● GIVEN MATERIAL:
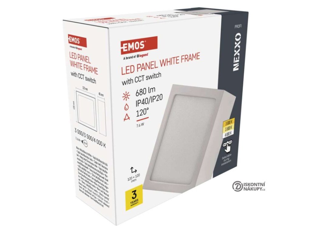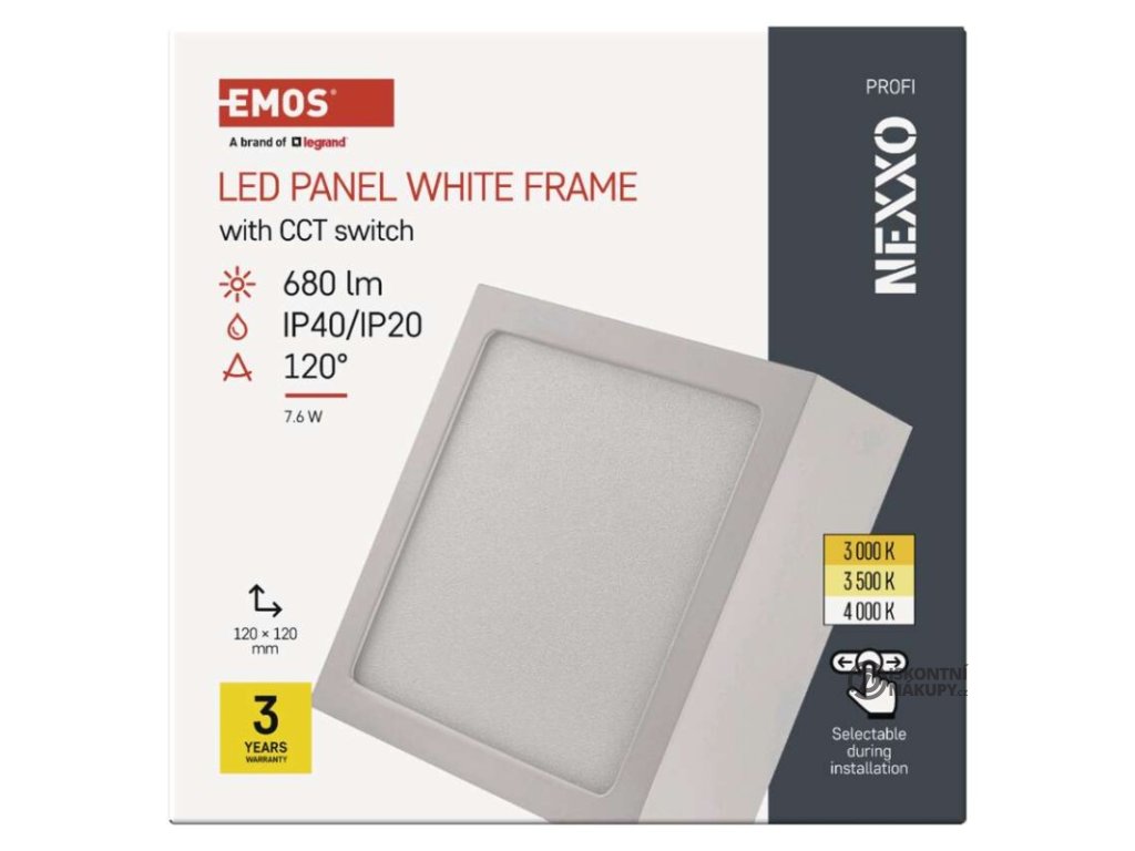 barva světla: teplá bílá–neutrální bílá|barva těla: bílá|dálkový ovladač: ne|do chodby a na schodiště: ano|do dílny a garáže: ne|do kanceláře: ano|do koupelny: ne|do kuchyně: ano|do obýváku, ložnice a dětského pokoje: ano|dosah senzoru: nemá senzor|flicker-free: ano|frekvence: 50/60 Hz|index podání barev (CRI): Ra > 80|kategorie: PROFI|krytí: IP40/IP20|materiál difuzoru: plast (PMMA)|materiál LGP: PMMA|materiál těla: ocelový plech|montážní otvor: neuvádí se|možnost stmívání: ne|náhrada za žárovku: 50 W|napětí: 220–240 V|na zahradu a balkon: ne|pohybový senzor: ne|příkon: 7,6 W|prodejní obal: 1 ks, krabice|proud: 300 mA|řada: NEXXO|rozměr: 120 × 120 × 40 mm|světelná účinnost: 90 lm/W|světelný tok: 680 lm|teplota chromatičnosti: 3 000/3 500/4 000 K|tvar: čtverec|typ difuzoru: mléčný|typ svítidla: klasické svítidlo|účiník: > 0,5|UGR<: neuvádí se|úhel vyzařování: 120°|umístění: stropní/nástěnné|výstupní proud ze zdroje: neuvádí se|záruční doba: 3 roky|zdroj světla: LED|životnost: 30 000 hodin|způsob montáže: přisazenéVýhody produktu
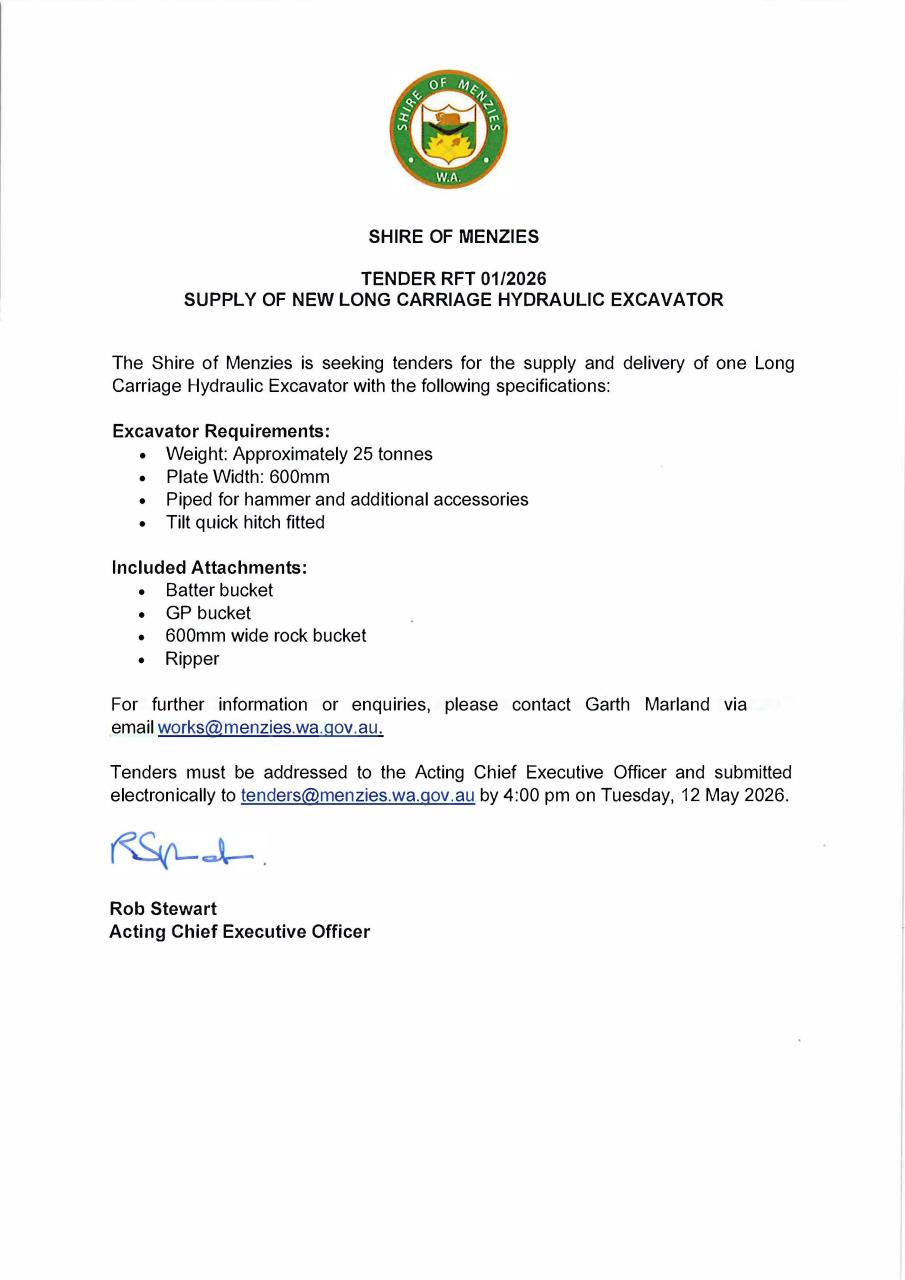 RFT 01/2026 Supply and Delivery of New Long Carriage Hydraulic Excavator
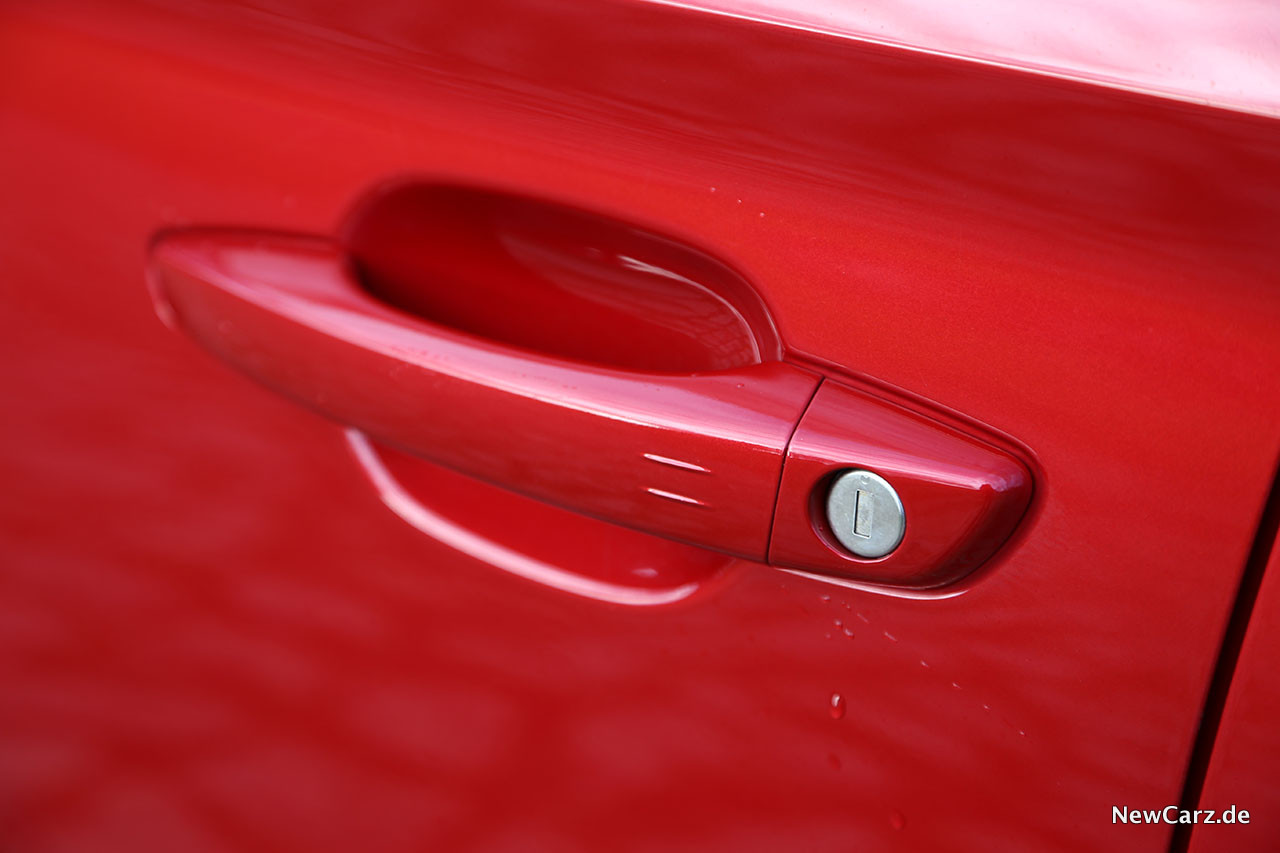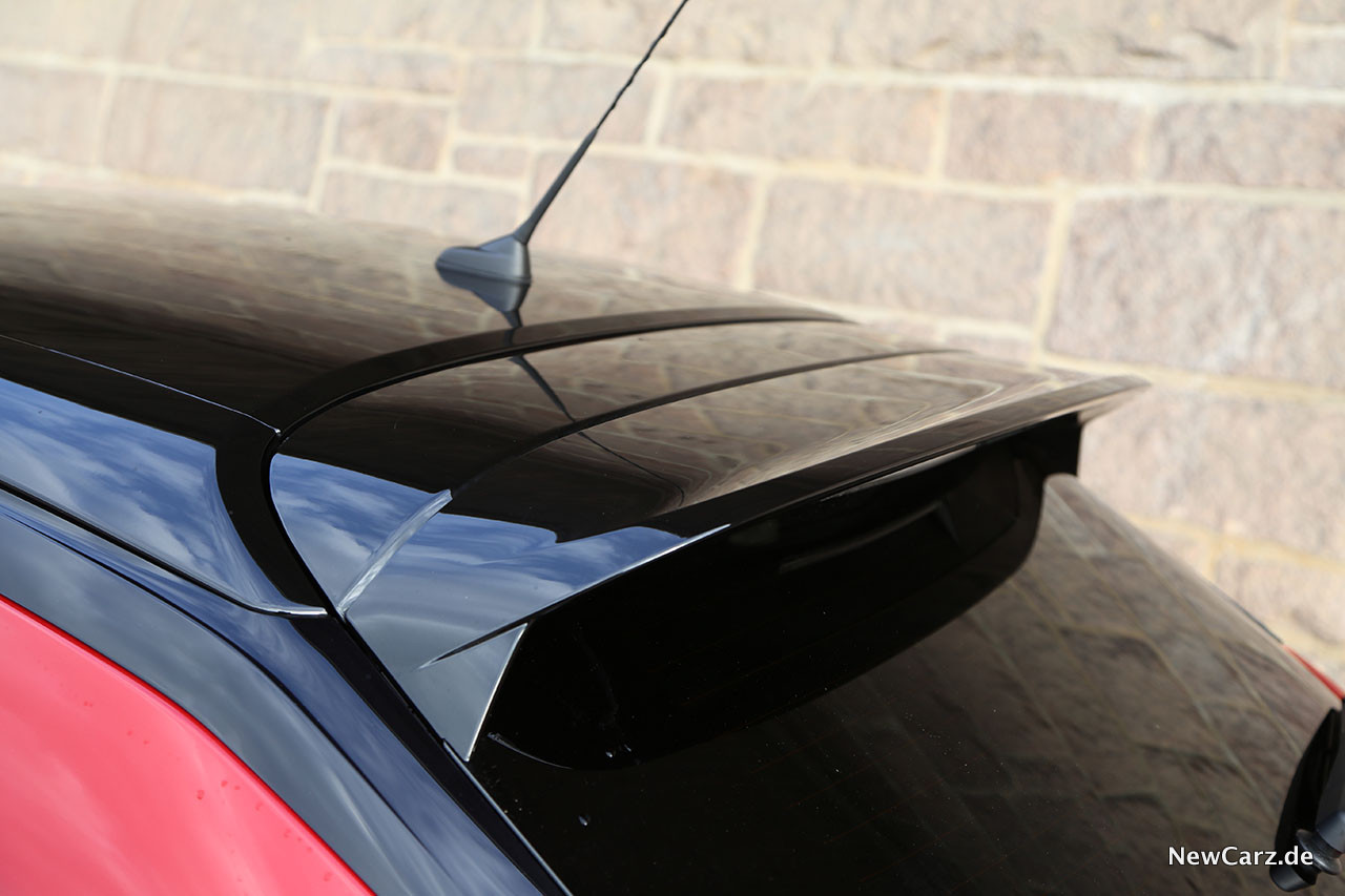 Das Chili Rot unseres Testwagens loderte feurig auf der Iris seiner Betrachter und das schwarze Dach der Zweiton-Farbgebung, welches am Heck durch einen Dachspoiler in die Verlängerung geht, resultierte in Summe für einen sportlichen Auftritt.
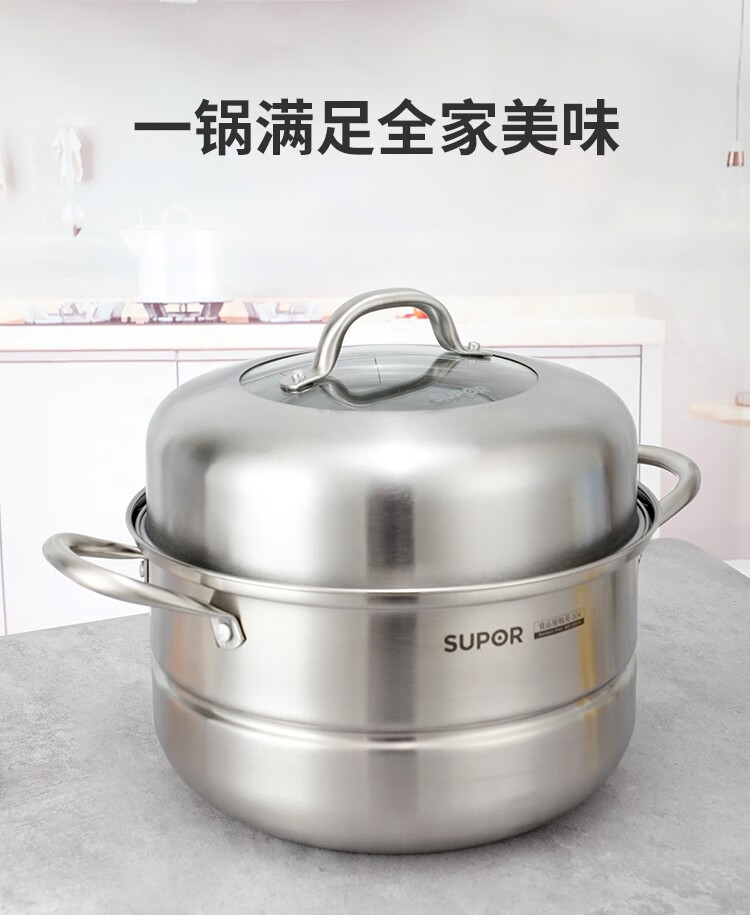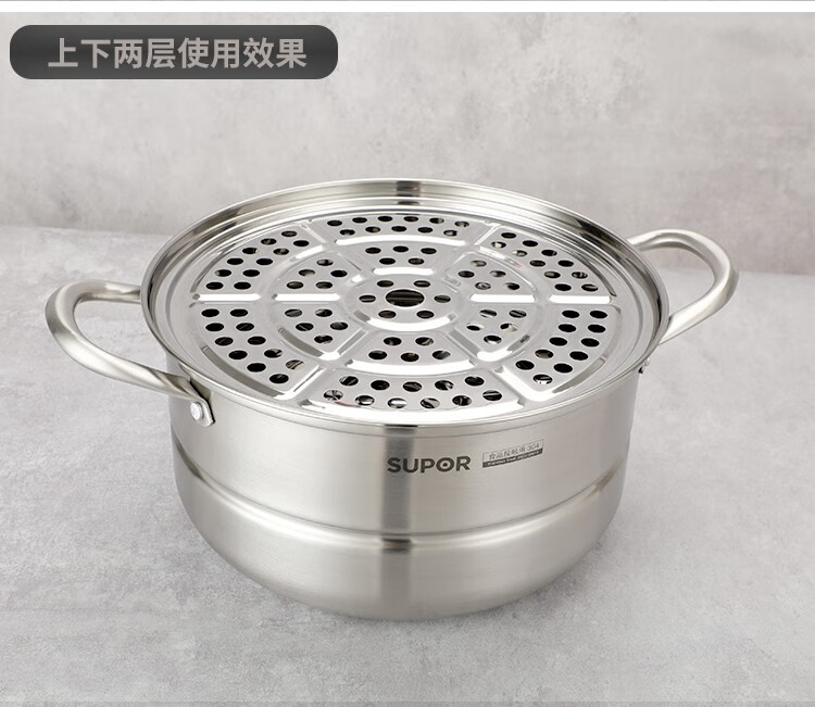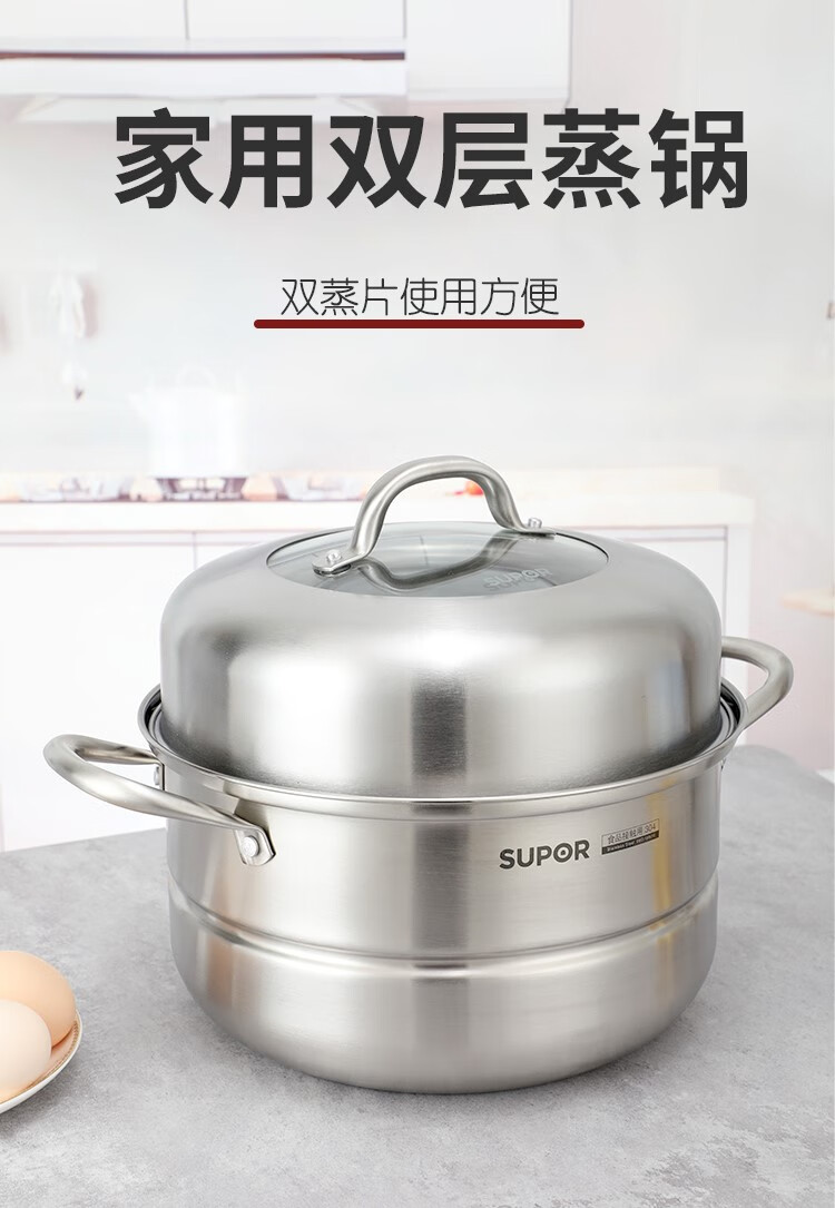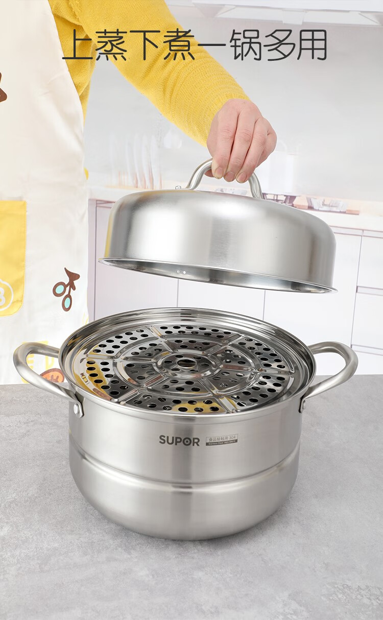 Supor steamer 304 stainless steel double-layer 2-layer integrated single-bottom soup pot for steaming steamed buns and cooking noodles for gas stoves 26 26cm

● EXERCISE GOAL: With the pictures left out, return the listing above exactly as it stands.

● SOLUTION:
 barva světla: teplá bílá–neutrální bílá|barva těla: bílá|dálkový ovladač: ne|do chodby a na schodiště: ano|do dílny a garáže: ne|do kanceláře: ano|do koupelny: ne|do kuchyně: ano|do obýváku, ložnice a dětského pokoje: ano|dosah senzoru: nemá senzor|flicker-free: ano|frekvence: 50/60 Hz|index podání barev (CRI): Ra > 80|kategorie: PROFI|krytí: IP40/IP20|materiál difuzoru: plast (PMMA)|materiál LGP: PMMA|materiál těla: ocelový plech|montážní otvor: neuvádí se|možnost stmívání: ne|náhrada za žárovku: 50 W|napětí: 220–240 V|na zahradu a balkon: ne|pohybový senzor: ne|příkon: 7,6 W|prodejní obal: 1 ks, krabice|proud: 300 mA|řada: NEXXO|rozměr: 120 × 120 × 40 mm|světelná účinnost: 90 lm/W|světelný tok: 680 lm|teplota chromatičnosti: 3 000/3 500/4 000 K|tvar: čtverec|typ difuzoru: mléčný|typ svítidla: klasické svítidlo|účiník: > 0,5|UGR<: neuvádí se|úhel vyzařování: 120°|umístění: stropní/nástěnné|výstupní proud ze zdroje: neuvádí se|záruční doba: 3 roky|zdroj světla: LED|životnost: 30 000 hodin|způsob montáže: přisazenéVýhody produktu
 RFT 01/2026 Supply and Delivery of New Long Carriage Hydraulic Excavator
 Das Chili Rot unseres Testwagens loderte feurig auf der Iris seiner Betrachter und das schwarze Dach der Zweiton-Farbgebung, welches am Heck durch einen Dachspoiler in die Verlängerung geht, resultierte in Summe für einen sportlichen Auftritt.
 Supor steamer 304 stainless steel double-layer 2-layer integrated single-bottom soup pot for steaming steamed buns and cooking noodles for gas stoves 26 26cm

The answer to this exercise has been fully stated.